In 2020 the smell of virtual coffee hung everywhere, like a miasma. Educational institutions were no exception. Throughout America, campuses have been eerily quiet. Smaller, non-residential colleges have felt especially vacant, with skeletal staff and only the occasional fugitive professor Zooming from their office. Public events and student life, together with most instruction, have migrated online, with worrying implications. As MIT psychologist Sherry Turkle foresaw in her 2011 book Alone Together: Why We Expect More from Technology and Less from Each Other, prolonged digital dependency leaves many people “lonely but fearful of intimacy.” The constant anxiety of online interaction is as far removed from Emersonian self-reliance as can be imagined.
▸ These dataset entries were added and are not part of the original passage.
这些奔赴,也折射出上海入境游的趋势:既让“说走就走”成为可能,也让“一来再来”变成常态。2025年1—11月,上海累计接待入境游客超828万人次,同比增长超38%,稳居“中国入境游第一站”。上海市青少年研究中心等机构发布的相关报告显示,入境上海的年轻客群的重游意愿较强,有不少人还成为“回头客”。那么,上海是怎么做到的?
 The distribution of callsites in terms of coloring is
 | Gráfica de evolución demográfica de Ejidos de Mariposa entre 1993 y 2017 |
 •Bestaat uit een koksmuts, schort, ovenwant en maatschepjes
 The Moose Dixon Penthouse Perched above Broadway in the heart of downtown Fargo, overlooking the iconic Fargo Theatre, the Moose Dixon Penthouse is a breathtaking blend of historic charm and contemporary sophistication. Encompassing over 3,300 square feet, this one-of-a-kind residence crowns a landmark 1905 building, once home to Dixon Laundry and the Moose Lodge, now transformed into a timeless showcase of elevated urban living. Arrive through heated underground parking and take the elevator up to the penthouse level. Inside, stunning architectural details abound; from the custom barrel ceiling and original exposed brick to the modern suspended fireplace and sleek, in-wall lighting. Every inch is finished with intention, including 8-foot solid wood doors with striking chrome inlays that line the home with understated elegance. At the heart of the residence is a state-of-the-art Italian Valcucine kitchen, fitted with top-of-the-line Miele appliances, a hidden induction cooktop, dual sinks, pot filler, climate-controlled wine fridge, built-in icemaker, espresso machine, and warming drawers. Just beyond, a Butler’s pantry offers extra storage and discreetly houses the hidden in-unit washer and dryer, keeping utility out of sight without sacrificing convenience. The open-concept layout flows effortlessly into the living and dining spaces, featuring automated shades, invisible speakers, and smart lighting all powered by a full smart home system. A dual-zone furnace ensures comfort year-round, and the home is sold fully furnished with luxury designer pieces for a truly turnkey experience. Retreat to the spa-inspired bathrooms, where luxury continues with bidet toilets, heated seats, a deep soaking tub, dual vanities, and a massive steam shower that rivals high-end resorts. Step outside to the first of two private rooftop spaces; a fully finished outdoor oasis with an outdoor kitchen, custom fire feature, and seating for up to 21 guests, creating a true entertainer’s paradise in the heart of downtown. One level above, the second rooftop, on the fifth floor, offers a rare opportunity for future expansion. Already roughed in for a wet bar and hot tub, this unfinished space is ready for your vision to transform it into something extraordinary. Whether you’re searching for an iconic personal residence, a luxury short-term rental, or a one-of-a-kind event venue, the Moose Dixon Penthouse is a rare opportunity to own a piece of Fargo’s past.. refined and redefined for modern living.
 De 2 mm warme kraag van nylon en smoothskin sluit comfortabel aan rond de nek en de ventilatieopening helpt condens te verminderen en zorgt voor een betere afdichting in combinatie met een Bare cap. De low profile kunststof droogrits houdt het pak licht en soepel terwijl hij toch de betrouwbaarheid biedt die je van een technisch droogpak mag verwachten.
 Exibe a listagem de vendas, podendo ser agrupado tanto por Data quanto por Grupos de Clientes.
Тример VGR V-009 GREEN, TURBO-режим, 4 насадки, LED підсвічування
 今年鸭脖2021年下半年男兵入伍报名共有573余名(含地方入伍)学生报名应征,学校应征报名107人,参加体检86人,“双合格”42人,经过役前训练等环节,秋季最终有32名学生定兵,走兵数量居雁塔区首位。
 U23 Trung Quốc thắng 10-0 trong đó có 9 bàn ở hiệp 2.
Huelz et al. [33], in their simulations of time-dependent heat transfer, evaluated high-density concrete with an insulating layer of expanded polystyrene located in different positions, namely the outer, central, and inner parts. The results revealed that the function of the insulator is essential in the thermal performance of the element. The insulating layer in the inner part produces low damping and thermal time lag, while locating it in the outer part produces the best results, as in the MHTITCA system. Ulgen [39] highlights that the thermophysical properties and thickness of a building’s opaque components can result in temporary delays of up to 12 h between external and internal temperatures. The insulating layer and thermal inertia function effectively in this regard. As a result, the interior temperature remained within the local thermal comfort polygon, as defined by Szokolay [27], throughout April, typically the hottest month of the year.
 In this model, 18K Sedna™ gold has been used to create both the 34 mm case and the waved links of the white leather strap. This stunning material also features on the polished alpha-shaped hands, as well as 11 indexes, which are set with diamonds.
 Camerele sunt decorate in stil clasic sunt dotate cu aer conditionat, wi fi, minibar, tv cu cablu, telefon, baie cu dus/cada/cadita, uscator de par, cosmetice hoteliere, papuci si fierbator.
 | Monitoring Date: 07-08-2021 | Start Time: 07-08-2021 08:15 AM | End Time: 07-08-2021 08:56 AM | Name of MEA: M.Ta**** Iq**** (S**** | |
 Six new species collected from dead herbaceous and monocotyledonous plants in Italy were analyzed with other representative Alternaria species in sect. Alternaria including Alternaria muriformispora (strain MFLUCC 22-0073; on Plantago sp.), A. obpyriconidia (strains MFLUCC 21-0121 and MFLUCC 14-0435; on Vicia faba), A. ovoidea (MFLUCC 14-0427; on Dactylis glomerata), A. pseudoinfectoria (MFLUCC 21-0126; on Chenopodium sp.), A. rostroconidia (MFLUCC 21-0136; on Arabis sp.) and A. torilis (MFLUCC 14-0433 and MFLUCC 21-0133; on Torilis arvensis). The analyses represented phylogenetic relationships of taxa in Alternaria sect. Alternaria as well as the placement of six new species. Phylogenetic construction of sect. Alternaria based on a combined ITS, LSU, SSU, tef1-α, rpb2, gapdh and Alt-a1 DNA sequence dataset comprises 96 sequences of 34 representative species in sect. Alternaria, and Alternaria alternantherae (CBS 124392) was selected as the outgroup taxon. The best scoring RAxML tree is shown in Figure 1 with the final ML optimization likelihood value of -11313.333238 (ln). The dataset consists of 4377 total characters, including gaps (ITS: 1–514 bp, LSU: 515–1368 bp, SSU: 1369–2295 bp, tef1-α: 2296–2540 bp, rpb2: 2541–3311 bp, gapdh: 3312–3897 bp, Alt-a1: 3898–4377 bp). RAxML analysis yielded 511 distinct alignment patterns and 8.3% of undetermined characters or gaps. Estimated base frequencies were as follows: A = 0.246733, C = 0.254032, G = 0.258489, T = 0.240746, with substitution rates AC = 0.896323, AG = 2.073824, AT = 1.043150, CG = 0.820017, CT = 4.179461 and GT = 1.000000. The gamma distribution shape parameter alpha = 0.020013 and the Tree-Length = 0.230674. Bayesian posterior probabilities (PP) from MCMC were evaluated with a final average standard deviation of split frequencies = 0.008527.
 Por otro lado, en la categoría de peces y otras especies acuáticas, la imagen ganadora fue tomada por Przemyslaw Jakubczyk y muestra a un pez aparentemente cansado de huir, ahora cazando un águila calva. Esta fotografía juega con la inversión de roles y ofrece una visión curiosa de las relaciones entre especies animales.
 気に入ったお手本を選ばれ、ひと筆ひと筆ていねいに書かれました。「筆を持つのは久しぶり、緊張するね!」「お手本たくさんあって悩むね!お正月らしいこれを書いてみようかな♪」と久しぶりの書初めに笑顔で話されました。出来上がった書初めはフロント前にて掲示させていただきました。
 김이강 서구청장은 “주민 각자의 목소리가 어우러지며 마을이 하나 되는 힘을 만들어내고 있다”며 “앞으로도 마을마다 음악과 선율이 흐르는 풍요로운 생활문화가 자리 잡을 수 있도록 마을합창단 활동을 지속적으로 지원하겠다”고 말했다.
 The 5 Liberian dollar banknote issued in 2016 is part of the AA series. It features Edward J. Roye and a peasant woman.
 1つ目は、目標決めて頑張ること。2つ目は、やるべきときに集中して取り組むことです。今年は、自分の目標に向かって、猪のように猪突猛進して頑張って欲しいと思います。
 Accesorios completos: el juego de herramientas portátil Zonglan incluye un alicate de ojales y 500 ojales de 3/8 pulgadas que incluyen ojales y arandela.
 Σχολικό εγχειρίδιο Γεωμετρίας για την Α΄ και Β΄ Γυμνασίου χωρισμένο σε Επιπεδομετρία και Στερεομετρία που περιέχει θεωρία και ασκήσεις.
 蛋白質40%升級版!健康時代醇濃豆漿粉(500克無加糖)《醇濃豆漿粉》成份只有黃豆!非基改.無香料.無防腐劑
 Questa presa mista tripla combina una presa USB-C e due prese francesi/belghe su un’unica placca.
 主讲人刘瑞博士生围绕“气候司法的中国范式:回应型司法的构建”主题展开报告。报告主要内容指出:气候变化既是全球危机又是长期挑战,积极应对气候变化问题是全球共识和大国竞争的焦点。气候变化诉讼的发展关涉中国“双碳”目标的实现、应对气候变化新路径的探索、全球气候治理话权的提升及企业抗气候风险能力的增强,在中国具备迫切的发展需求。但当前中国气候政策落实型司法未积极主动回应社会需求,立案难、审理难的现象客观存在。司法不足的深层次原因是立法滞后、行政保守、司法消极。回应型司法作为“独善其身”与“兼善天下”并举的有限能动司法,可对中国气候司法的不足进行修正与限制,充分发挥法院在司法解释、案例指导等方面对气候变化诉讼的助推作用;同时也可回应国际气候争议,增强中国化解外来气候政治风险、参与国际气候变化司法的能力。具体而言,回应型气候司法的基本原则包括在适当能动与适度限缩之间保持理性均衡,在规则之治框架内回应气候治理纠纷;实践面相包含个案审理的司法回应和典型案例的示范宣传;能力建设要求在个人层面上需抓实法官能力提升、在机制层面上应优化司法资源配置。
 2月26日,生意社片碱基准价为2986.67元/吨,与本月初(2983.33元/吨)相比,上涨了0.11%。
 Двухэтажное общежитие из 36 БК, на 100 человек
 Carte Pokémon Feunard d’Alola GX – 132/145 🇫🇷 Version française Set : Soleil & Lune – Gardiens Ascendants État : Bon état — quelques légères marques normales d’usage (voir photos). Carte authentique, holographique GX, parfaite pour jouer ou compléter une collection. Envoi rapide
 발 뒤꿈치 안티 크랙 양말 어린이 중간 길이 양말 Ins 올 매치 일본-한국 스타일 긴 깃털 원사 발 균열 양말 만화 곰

Now, the very institutions that should be sites of communion between young and old mediate these relationships virtually and, often, asynchronously. Though championed in the name of accessibility, the spread of remote learning has not deepened human communion or strengthened democracy. All too often, it has fragmented human relations.

And what of the future for liberal education in an age of applied technology? “Disruptive innovation” of the type championed by Harvard Business School’s Clayton M. Christensen looms over academia, heralded by the age of Zoom and the empty campus real estate. As historian Jill Lepore has written, this model, derived from industry but applied to higher education, advocates “the selling of a cheaper, poorer-quality product that initially reaches less profitable customers but eventually takes over and devours an entire industry.”

With the growth of online learning, micro-credentialing, and other innovations, it might seem as if higher education must either embrace disruption or pay the price. Given the parlous state of the pandemic economy, some institutional attrition may prove inevitable, but such Darwinian selection is hardly cause for rejoicing. As Lepore argued, disruptive innovation promises “the hope of salvation against the very damnation it describes: disrupt and you will be saved.” Furthermore, “the advocates of disruption have an affinity for circular arguments. If an established company doesn’t disrupt, it will fail, and if it fails it must be because it didn’t disrupt.”

If Lepore’s objection applies to steelmakers and automobile manufacturers, how much more does it apply to college educators, those who should be invested in enduring humane wisdom? Furthermore, advocates of disruption misrepresent the historical foundations of higher education. As Lepore noted, these foundations rested not on profitability but on “patronage, [and] donations made by individuals or funding from church or state.” Such support might seem old-fashioned today, but it embodied social values beyond the whims of the market.

In an age of knee-jerk innovation, the warnings articulated by Emerson and Dewey are more needed than ever. They advocated for applied knowledge, but they also insisted such technology must serve human ends. Higher education should heed this wisdom and stick to its humanistic roots, while closing the affordability gap between virtual college and costly in-person higher education. Amid the momentary triumph of Zoom, faculty must fight the creeping perception that liberal education is a mere luxury, a privilege of wealth rather than a vital basis of democracy. If we leave Zoom in the saddle, it will ride us. The classroom should once again become a space of solidarity, not just a virtual metaphor. Dewey’s observation in Democracy and Education takes on added meaning in a time when all interaction relies on “remote physical energies”: “our daily associations cannot be trusted to make clear . . . the part played in our activities by remote physical energies, and by invisible structures. Hence a special mode of social intercourse is instituted, the school, to care for such matters.”